*What is expected:* Pictures stay out of the copy; output exactly the lines from the one containing "スタイリングにこなれ感をプラスしてくれるレイヤード風のシャツ衿がアクセント" through the end of the material.

(Source data)

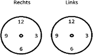 Voor een goede correlatie van klinische gegevens en de beeldvorming is een duidelijke aanvraag belangrijk. Beschrijf de aard van de klacht en in welk kwadrant deze zich bevindt, eventueel kloksgewijs (fig. 6). Verder kan worden vermeld hoe lang de klacht bestaat, de voorgeschiedenis van de patiënt en de familieanamnese (mammacarcinoom, ovariumcarcinoom).
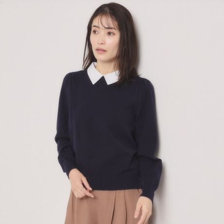 スタイリングにこなれ感をプラスしてくれるレイヤード風のシャツ衿がアクセント
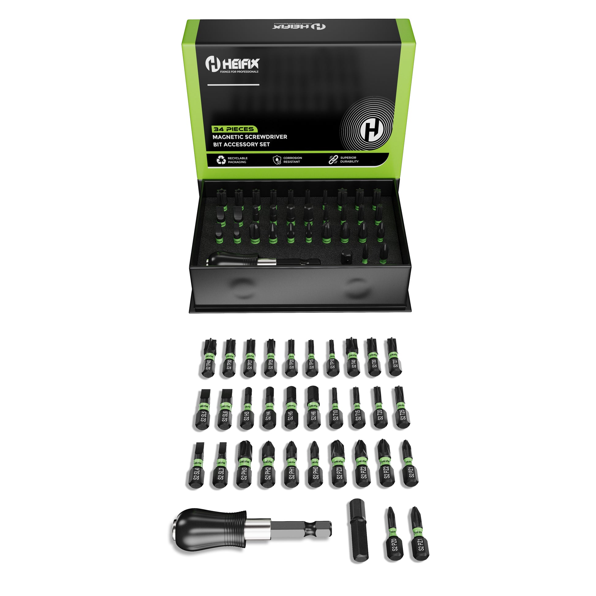 Heifix 34pcs Professional Magnetic Screwdriver Bit Set in Eco Storage Box - Quick Release Bit Holder and Adapter, with Slotted, Phillips, Pozidriv, Torx, Tamper-Proof Torx, and Hex Bits
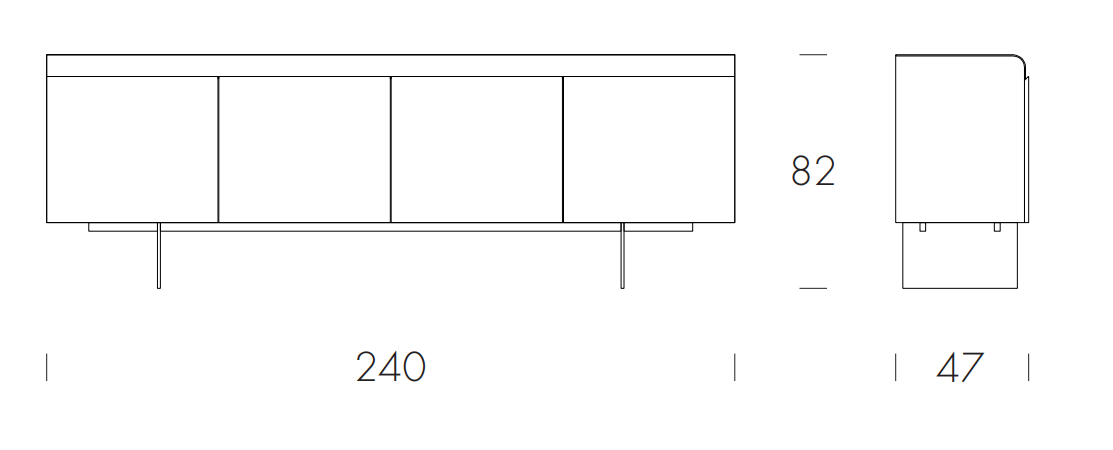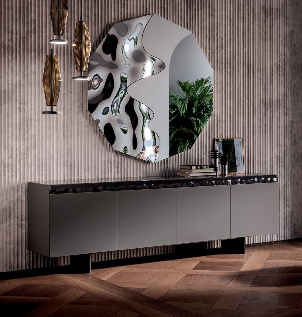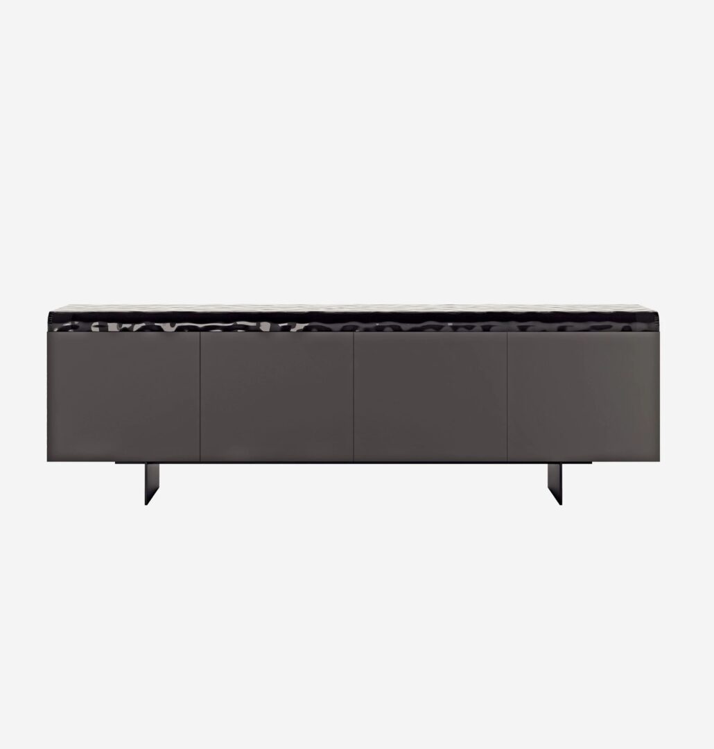 Шкаф для хранения с четырьмя дверцами, покрытыми бронзовой пленкой, с технологией постформования и изогнутым верхом из моноласты из черного кованого стекла, с металлическими ножками из бронзы. Магма вызывает эффект, создаваемый текучей текстурой кованого стекла, которое, сливаясь с деревом створок, придает мадии сценический эффект, который усиливает любую обстановку, делая ее ценной.

(End Source data)

*Written solution:*
 スタイリングにこなれ感をプラスしてくれるレイヤード風のシャツ衿がアクセント
 Heifix 34pcs Professional Magnetic Screwdriver Bit Set in Eco Storage Box - Quick Release Bit Holder and Adapter, with Slotted, Phillips, Pozidriv, Torx, Tamper-Proof Torx, and Hex Bits
 Шкаф для хранения с четырьмя дверцами, покрытыми бронзовой пленкой, с технологией постформования и изогнутым верхом из моноласты из черного кованого стекла, с металлическими ножками из бронзы. Магма вызывает эффект, создаваемый текучей текстурой кованого стекла, которое, сливаясь с деревом створок, придает мадии сценический эффект, который усиливает любую обстановку, делая ее ценной.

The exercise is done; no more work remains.